But it only took a moment for the gleam in

her eyes to return.

“He’s white!” Slamming her palms into each

other, she squeezed them and let a beam

spread over her face.

White? Mr. White and I were classmates?

My heart sank. I did not want to be in the

same class with that boy. Something about

him gave me the creeps. Did he stare at

everyone else the way he stared at me?

It stunned me how my best friend drooled

over a guy she barely even knew. I couldn’t

picture myself doing that. Totally gross. I

could imagine how that pompous white guy

felt at the moment, having every girl in

school on full crush mode.

With folded hands, I shook my head.

“Pathetic. He’s not the first foreigner here,

is he?”

Amarachi pouted. “Look at you acting all

indifferent. Every girl in school is talking

about just how cute he is.”

I rolled my eyes. “Don’t include me.”

“Trust me, you’re only like this because you

haven’t seen him. I mean, wow. Victoria,

that guy is a stunner! Have you ever seen

such brilliant green eyes?”

It stunned me how she believed I would

hurriedly activate crush mode once I saw

him. I had already crossed paths with him,

and although for a moment I’d stared, it had

triggered nothing in me.

“There’s nothing extraordinary about that

guy,” I said.

She giggled at my indifference. “Just wait

till you see him. He’ll knock the air out of

your lungs. Oh, I haven’t even told you.

Guess where he sat when he walked in?

Right here, on our seat. To be precise, he

sat on your side of the seat. I told him the

seat was already taken. He just turned and

gave me this weird look as though I’d

spoken to him in Swahili. Even though the

look he shot me totally weirded me out, it

was really amazing staring into those

emerald green eyes. You know, Eddie

Redmayne kind of eyes.” Her eyes burned

with desire.

“Goodness, Amarachi!” I chided, my voice

dropping to a near-whisper. “I can’t believe

you’re like this over some guy. It’s not like

he’s the only white guy in this school. We

already have a number of them in class.”

“Four in class,” she counted. “Now five.”

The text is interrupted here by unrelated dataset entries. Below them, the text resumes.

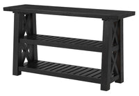 The Bolton Sofa Table offers an Industrial Rustic style to your living or family room. The table is constructed of solid New Zealand Pine and finished in a Black Stain. The industrial style is represented with four large dark aged brass finished industrial bolts that span across each end the top. The x-framed legs not only add to the look, but provide extra stability. The 1.5” thick tops are detailed with a plank design purposeful distress marked details. Two shelves allow for plenty of storage space. The 55” wide design allows for the table to also be used as a TV Stand or Console for TVs up to 60” W. Assembled product dimensions: 55" W x 16" D x 30" H. Product materials: New Zealand Pine. Easy to assemble. Made in Vietnam.
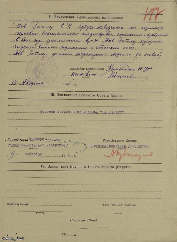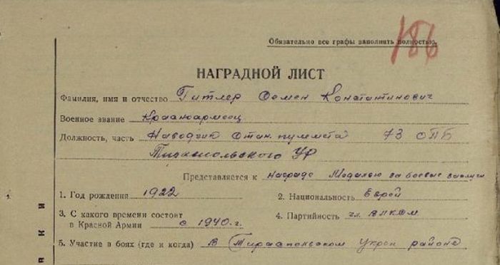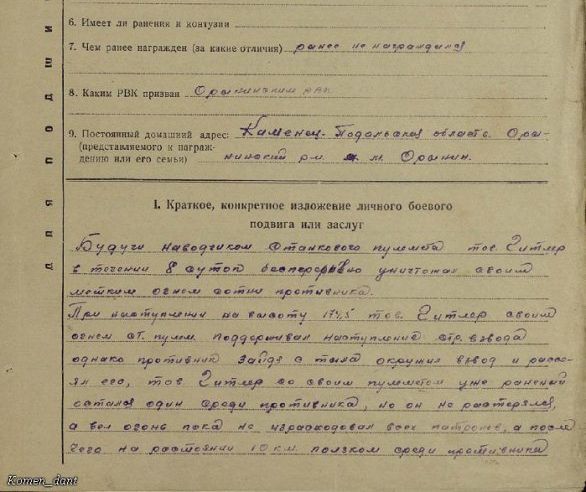 http://cdn-frm-eu.wargaming.net/wot/ru/uploads/monthly_05_2017/post-7013522-0-19356700-1494318634_thumb.jpg http://cdn-frm-eu.wargaming.net/wot/ru/uploads/monthly_05_2017/post-7013522-0-42795700-1494318643_thumb.jpg http://cdn-frm-eu.wargaming.net/wot/ru/uploads/monthly_05_2017/post-7013522-0-23996400-1494318656_thumb.jpg Красноармеец *** при обороне 174,5 высоты Тираспольского укрепительного райна в течение восьми суток уничтожал своим огнем противника. Будучи наводчиком станкового пулемета, поддерживал огнем наступление своего взвода. Оказавшись в окружении и получив ранение, тов. *** вел огонь, пока не израсходовал боеприпасы, после чего, не бросив оружия, выбрался к своим, в общей сложности уничтожив более сотни военнослужащих Вермахта. За свой подвиг *** награжден медалью "За Отвагу".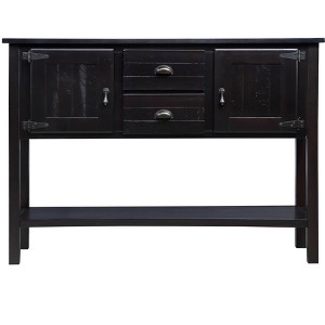 - 『Ample Storage Space』: This wood console table is designed with 2 drawers and 2 cabinets, which provide you with ample storage space to classify and store different belongings. Also, the top board and bottom shelf can display various items, such as fruit, tableware, plants, glassware and so on.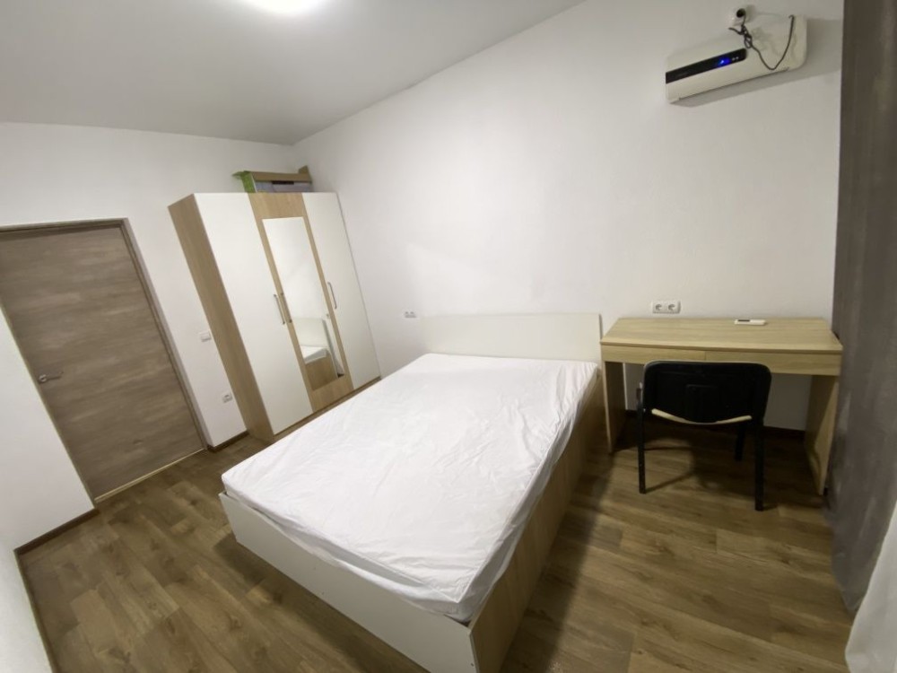 Спальня 1: Велике комфортне двоспальне ліжко, містка шафа-купе з дзеркалом, робочий стіл та кондиціонер.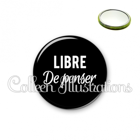 Miroir simple avec dos métallique décoré d'une image fantaisie et texte.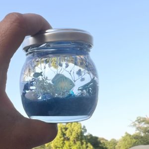 好きな貝殻やビーズを選んで、ビンの中に自分だけのアクアリウム世界を作っていきます。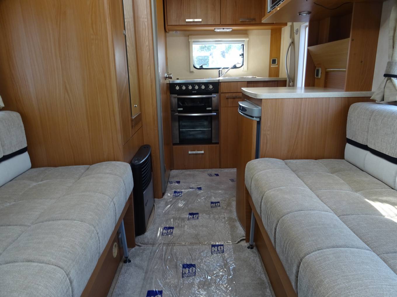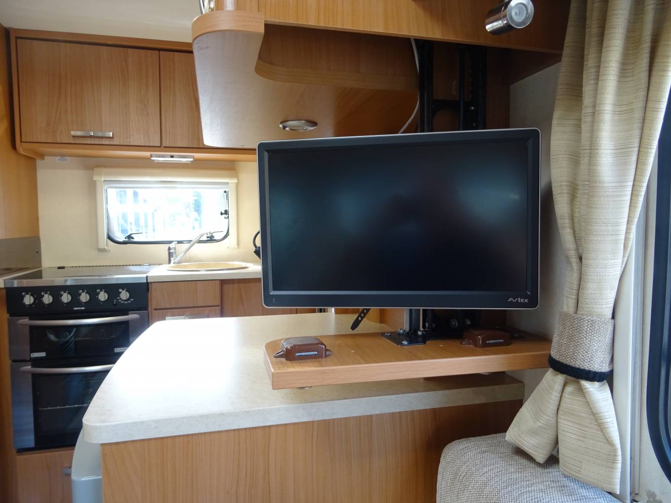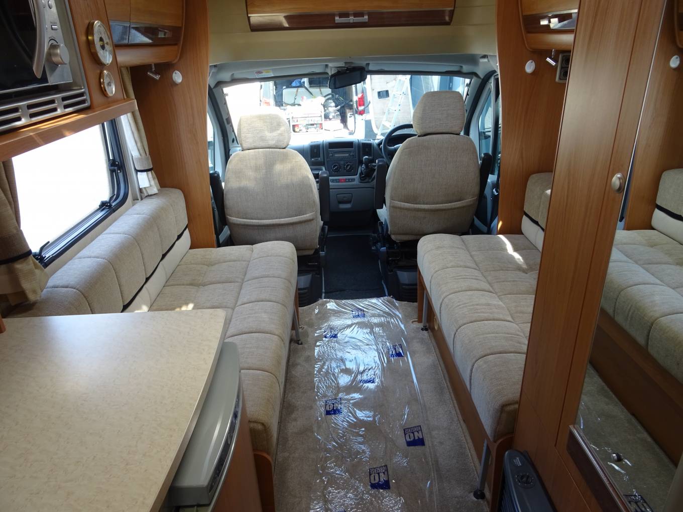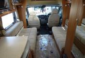 Although only 5.49 meters long it feels larger than its size inside with a spacious lounge area having enough room to entertain at least 6 people when the front seats swivelled round - the neutral upholstery gives it a very light and airy atmosphere in which to which to relax and watch the drop down AVTEX TV.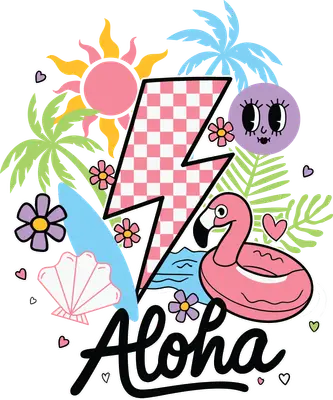Aloha Summer Vibes DTF Transfer - Lightning Bolt & Flamingo

I continued as though she’d never

interrupted, “And we have them littered all

over our school.”

“Twenty five,” she said. “You call that

littering?”

Once again, I ignored her counting. “What’s

so special about some lanky, green eyed

white guy?”

Her eyes widened. “What? You saw him?”

“Mh-hmm.” When would this end? I did not

want to be a part of this conversation.

“Oh my God!” Grinning from ear-to-ear, she

rubbed her palms together like a fat cop

would at the sight of free burger. To paint

the complete picture, lips licking would be in

order. “Tell me everything! Look at you,

letting me do the whole talking while you

have some story to tell. Out with it. Did he

speak to you?”

“If he spoke to me, would it help with the

problems I face at home?”

“Yes.” She stuck out her tongue. “I haven’t

heard his voice but I can only imagine how

beautiful it sounds. I mean, with a face like

that. Good heavens.”

“His voice is nothing special.”

“Oh my God!” she said. Heads turned in our

direction and while this made me slightly

uneasy, Amarachi didn’t seem to care. “He

spoke to you? I need to hear it. Tell it and

tell it all!”

“It’s just the pretty face. His personality is

crap. We met on the stairs and he said I

was a sleepwalking zombie. Can you beat

how lame he is?” A transitory silence fell

upon us. Amarachi gazed at me, wordlessly

demanding the untold story.

“There’s nothing to tell,” I said.

“I can’t believe he’s an a-s,” she said, her

voice tinged with uncertainty.

“Yeah, they come in different sizes and

colors.”

“No. I mean I can’t believe he’s an a-s like

for real. Maybe he has some twisted sense

of humor and you understood it all wrong?”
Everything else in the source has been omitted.